(EXCERPTED RECORDS):
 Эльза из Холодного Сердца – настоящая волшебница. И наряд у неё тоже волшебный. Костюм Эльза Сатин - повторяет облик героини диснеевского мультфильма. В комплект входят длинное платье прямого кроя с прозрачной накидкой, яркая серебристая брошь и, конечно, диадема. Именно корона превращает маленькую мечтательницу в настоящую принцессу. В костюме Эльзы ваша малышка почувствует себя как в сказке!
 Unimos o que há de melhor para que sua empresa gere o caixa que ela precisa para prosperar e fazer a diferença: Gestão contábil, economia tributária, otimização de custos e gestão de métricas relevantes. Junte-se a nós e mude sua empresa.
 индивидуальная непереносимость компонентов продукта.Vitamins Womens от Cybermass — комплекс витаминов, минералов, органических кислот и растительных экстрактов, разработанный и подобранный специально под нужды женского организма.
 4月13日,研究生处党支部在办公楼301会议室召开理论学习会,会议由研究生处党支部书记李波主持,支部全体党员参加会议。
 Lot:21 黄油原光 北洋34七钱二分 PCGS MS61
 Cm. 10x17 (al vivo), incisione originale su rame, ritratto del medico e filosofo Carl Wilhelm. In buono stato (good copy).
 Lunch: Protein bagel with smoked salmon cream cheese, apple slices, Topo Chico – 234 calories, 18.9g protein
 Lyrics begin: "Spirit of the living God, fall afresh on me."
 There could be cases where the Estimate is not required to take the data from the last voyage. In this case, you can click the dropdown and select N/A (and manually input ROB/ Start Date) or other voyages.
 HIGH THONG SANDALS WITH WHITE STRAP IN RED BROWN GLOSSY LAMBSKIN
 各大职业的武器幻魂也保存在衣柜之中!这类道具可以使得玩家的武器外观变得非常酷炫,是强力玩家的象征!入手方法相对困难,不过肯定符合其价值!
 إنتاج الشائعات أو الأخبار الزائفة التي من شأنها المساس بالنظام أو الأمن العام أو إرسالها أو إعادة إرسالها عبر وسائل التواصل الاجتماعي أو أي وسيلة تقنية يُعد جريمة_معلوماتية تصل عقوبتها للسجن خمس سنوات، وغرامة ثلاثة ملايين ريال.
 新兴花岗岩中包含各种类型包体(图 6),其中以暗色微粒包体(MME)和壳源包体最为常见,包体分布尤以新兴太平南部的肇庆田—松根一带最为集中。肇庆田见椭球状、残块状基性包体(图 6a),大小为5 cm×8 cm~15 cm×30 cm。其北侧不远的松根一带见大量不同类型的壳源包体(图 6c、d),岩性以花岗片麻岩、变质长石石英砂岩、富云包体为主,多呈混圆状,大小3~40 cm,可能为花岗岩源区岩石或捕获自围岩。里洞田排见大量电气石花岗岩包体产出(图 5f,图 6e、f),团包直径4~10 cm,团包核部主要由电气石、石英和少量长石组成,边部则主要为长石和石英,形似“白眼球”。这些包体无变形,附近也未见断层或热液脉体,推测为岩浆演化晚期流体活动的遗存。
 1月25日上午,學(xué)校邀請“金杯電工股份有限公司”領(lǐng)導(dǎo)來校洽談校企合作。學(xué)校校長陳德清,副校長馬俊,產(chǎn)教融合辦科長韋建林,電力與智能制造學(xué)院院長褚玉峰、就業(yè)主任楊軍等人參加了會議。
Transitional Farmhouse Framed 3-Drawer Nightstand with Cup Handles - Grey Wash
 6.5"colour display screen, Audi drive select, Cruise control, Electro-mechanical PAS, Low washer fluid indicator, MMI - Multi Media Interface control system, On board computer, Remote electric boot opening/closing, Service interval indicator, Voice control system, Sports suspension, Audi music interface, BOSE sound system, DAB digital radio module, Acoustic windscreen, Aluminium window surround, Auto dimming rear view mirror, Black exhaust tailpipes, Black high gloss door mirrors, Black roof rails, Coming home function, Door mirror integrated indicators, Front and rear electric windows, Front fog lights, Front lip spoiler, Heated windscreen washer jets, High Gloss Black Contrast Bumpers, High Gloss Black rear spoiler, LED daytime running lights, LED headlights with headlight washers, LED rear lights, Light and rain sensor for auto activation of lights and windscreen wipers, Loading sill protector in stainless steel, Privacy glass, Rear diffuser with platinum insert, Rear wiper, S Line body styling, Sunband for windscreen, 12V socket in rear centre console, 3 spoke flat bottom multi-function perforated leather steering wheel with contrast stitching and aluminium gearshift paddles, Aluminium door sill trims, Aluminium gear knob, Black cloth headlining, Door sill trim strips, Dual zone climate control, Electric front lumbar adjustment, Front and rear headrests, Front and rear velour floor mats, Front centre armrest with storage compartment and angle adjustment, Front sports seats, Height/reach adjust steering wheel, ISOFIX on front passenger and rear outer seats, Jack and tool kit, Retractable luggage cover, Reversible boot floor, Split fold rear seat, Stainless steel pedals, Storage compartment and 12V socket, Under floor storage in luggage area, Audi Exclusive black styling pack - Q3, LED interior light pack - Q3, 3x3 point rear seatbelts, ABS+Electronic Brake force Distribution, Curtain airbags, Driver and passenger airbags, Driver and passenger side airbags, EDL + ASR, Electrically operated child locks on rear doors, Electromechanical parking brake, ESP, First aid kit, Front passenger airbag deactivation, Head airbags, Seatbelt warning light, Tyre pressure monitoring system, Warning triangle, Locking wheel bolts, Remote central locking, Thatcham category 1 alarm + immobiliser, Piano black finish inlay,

(TASK DESCRIPTION): Take the records above and return, word for word, only the lines that fall from the line with "6a),大小为5 cm×8 cm~15" to the line with "Transitional Farmhouse Framed", both of them included.

(SOLVED PROBLEM):
 新兴花岗岩中包含各种类型包体(图 6),其中以暗色微粒包体(MME)和壳源包体最为常见,包体分布尤以新兴太平南部的肇庆田—松根一带最为集中。肇庆田见椭球状、残块状基性包体(图 6a),大小为5 cm×8 cm~15 cm×30 cm。其北侧不远的松根一带见大量不同类型的壳源包体(图 6c、d),岩性以花岗片麻岩、变质长石石英砂岩、富云包体为主,多呈混圆状,大小3~40 cm,可能为花岗岩源区岩石或捕获自围岩。里洞田排见大量电气石花岗岩包体产出(图 5f,图 6e、f),团包直径4~10 cm,团包核部主要由电气石、石英和少量长石组成,边部则主要为长石和石英,形似“白眼球”。这些包体无变形,附近也未见断层或热液脉体,推测为岩浆演化晚期流体活动的遗存。
 1月25日上午,學(xué)校邀請“金杯電工股份有限公司”領(lǐng)導(dǎo)來校洽談校企合作。學(xué)校校長陳德清,副校長馬俊,產(chǎn)教融合辦科長韋建林,電力與智能制造學(xué)院院長褚玉峰、就業(yè)主任楊軍等人參加了會議。
Transitional Farmhouse Framed 3-Drawer Nightstand with Cup Handles - Grey Wash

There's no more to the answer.